The Toronto Star reports, “Missing from the G20 membership is the world’s top diplomat, United Nations Secretary General Ban Ki-moon.”
“(He) will be in Toronto for the summit this weekend. But he’ll be at the sideline, not the head table, when leaders chew over critical global financial issues… Ban will be a guest, not an official participant at the G20 meetings, speaking only when spoken to.”
“Some say that’s no accident, and that the head of the UN, which represents 192 countries — many of them poor — is unlikely to be included anytime soon in the group that represents some 85 per cent of the world’s gross national product.”
At the last G20 summit in Pittsburgh, Ban did say in his one opportunity to speak to the leaders that, “More than one-third of the world’s population, and more than 85 per cent of the world’s countries are not represented here.”
Andrew Cooper, a distinguished fellow of Centre for International Governance Innovation in Waterloo, notes, “In 2008 it was clear that (Ban) wanted to have his own summit akin to the G20 in New York. But the (George W.) Bush administration wasn’t going to give ownership of the G20 to the UN.”
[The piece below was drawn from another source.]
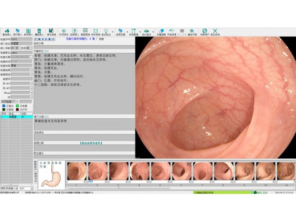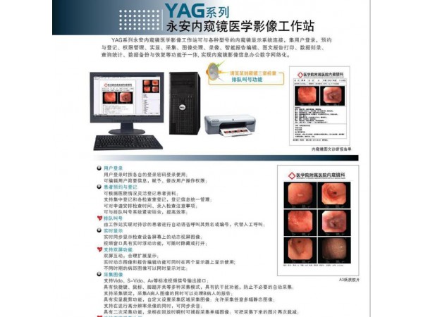 詳細(xì)特點(diǎn)如下:◇友好的人性化界面,全中文、圖形化按鈕易學(xué)易用。◇無(wú)損清晰實(shí)時(shí)顯示圖像便于操作者觀察診斷及網(wǎng)上會(huì)診?!蟠笕萘快o態(tài)圖片庫(kù),可以無(wú)限保存采集下來(lái)的病員圖片。豐富的病員資料?!笕我庹{(diào)節(jié)動(dòng)態(tài)圖像的亮度、對(duì)比度、彩度、飽和度◇多種信號(hào)制式自由選擇?!罂筛鶕?jù)需要自由選擇視頻格式和影像尺寸。◇可接入多個(gè)視頻信號(hào),并可實(shí)時(shí)轉(zhuǎn)換視頻源,實(shí)現(xiàn)“一機(jī)多用”?!蠖喾N采集方式自由選擇,如:采集圖像的正、負(fù)像,上下翻轉(zhuǎn)和左右翻轉(zhuǎn),并可自定義翻轉(zhuǎn)度數(shù)?!髨?bào)告輸出的多樣性足以滿(mǎn)足操作者的全部要求。◇具備豐富的模板、常用詞匯及快捷字符功能大大提高操作人員的工作效率,可以隨時(shí)改動(dòng)、新建、刪除現(xiàn)有的模板及詞庫(kù)?!蟛僮魅藛T可自由繪制示意圖,并可添加到報(bào)告中打印出來(lái),本工作站還提供了全面的示意圖管理系統(tǒng),方便繪制和管理示意圖,具有對(duì)照復(fù)查功能?!蠊ぷ髡拒浖哂袆?dòng)態(tài)電影錄制及回放功能?!髸?shū)寫(xiě)報(bào)告和可采集圖像可同時(shí)進(jìn)行?!罂梢詫⒉杉膱D像另存、復(fù)制,做教學(xué)光盤(pán)、演示盤(pán)、幻燈片等?!筢t(yī)師可方便的建立自己的個(gè)人圖庫(kù),把典型的圖像存入個(gè)人圖庫(kù)中,以備已后方便使用,本工作站提供全面的醫(yī)師圖庫(kù)管理系統(tǒng)?!缶哂姓嬲?jiàn)即所得的可視化圖像處理功能,并可及時(shí)觀察處理結(jié)果,確定后,系統(tǒng)程序自動(dòng)將選定區(qū)域處理結(jié)果保存?!蟊拒浖峁﹫D像標(biāo)注及方便精確的測(cè)量功能。◇打印預(yù)覽及多種打印模式可選?!蠖喾N方式的病歷查詢(xún)及統(tǒng)計(jì),操作起來(lái)方便靈活?!笕我獾脑O(shè)置動(dòng)態(tài)圖像顯示區(qū)的大小形狀?!笞杂山厝〔杉瘏^(qū)域大小,可使無(wú)關(guān)部分去除,起到打印省墨。◇可手動(dòng)或腳踏進(jìn)行采集圖像。
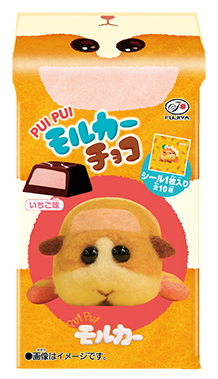 ストロベリークリームを閉じ込めたミルクチョコレートと、シールが1枚ついた「PUI PUI モルカーチョコ」

The Council of Canadians has argued that leaders should not meet in exclusive self-selected groups of eight or twenty, but at the United Nations, also known as the G-192.
We have also stated that the UN has the infrastructure and security to host critical international meetings on pressing issues. The 365-day budget for the UN is $1.9 billion. The 3-day budget for the upcoming G8/G20 summits is at least $1.24 billion.